- Assigned task -
Write the listing out once more, identical to the original but without pictures.

- Data below -
+ + + +

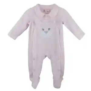 Enterito de Plush Bebé Niña Osito. Tela ultra suave. Color Rosado con Osito bordado y aplicación de orejitas Modelo con broches en toda la parte delantera para facilitar la postura y muda de pañal de tu bebé.
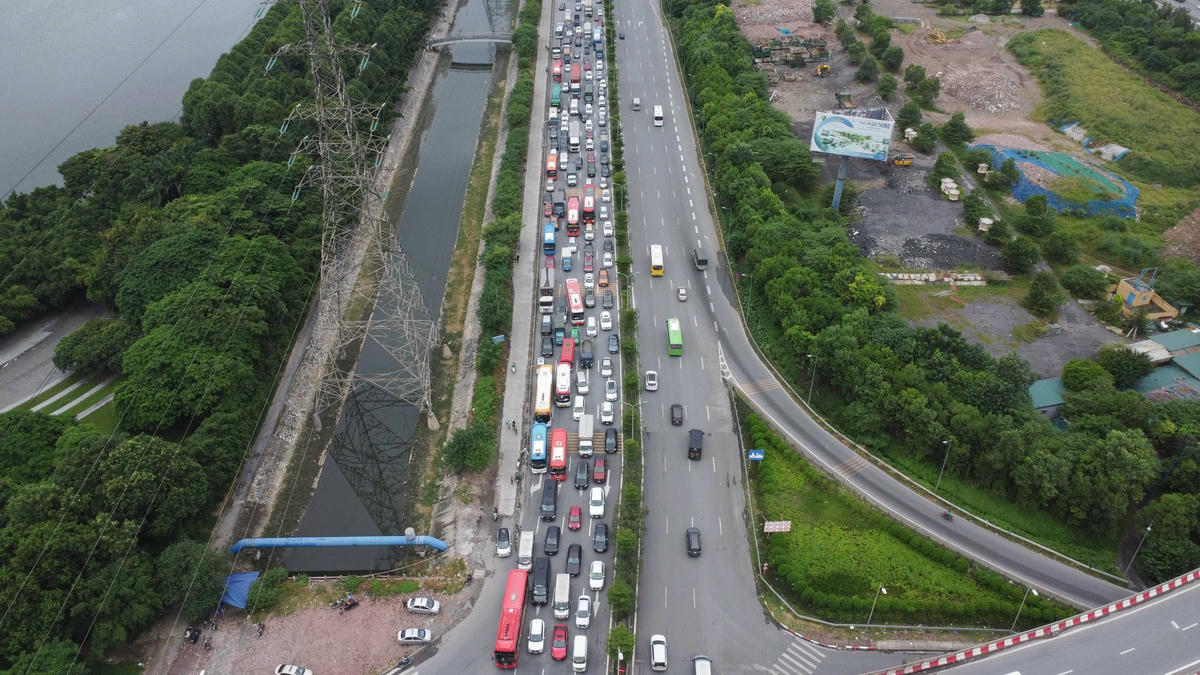 Tại đường Trường Chinh lúc 7h sáng 5/9 dòng phương tiện nối đuôi nhau di chuyển.Mật độ các phương tiện tham gia giao thông tăng cao tại các ngả đường nối vào nội đô.Do ùn tắc kéo dài các phương tiện thi nhau nối đuôi di chuyển trên vỉa hè.Ngày 5/9 cũng trùng với ngày các em nhỏ đi khai giảng năm học mới nên tuyến đường nào cũng tấp nập, ùn ứ.Tại tuyến đường Nguyễn Trãi ùn tắc kéo dài.Tại khu vực trước cổng bến xe Nước Ngầm lúc 8h sáng cũng xảy ra ùn tắc kéo dài.Tuyến đường cao tốc Pháp Vân - Cầu Giẽ hướng về nội đô lúc 8h30.
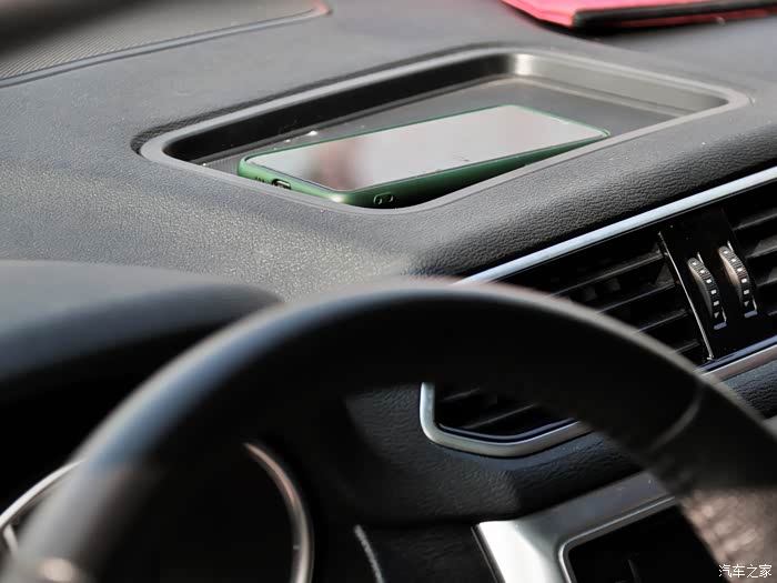 中控台上面有一个开放式的储物平台,底部也做了防滑处理,用来放手机还是挺合适的。
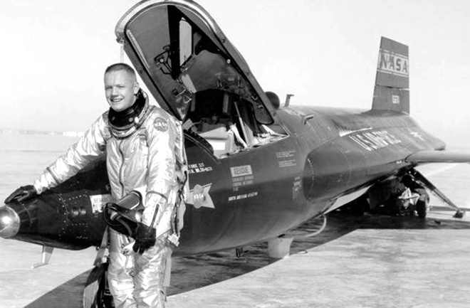 - с октября 1958 года Армстронг состоял в группе пилотов, совершающих экспериментальные полеты на ракетоплане Х-15, с 1960 по 1962 год он совершил всего 7 полетов, однако ни разу не достиг границы с космосом;

+ + + +

- Exercise solution -
 Enterito de Plush Bebé Niña Osito. Tela ultra suave. Color Rosado con Osito bordado y aplicación de orejitas Modelo con broches en toda la parte delantera para facilitar la postura y muda de pañal de tu bebé.
 Tại đường Trường Chinh lúc 7h sáng 5/9 dòng phương tiện nối đuôi nhau di chuyển.Mật độ các phương tiện tham gia giao thông tăng cao tại các ngả đường nối vào nội đô.Do ùn tắc kéo dài các phương tiện thi nhau nối đuôi di chuyển trên vỉa hè.Ngày 5/9 cũng trùng với ngày các em nhỏ đi khai giảng năm học mới nên tuyến đường nào cũng tấp nập, ùn ứ.Tại tuyến đường Nguyễn Trãi ùn tắc kéo dài.Tại khu vực trước cổng bến xe Nước Ngầm lúc 8h sáng cũng xảy ra ùn tắc kéo dài.Tuyến đường cao tốc Pháp Vân - Cầu Giẽ hướng về nội đô lúc 8h30.
 中控台上面有一个开放式的储物平台,底部也做了防滑处理,用来放手机还是挺合适的。
 - с октября 1958 года Армстронг состоял в группе пилотов, совершающих экспериментальные полеты на ракетоплане Х-15, с 1960 по 1962 год он совершил всего 7 полетов, однако ни разу не достиг границы с космосом;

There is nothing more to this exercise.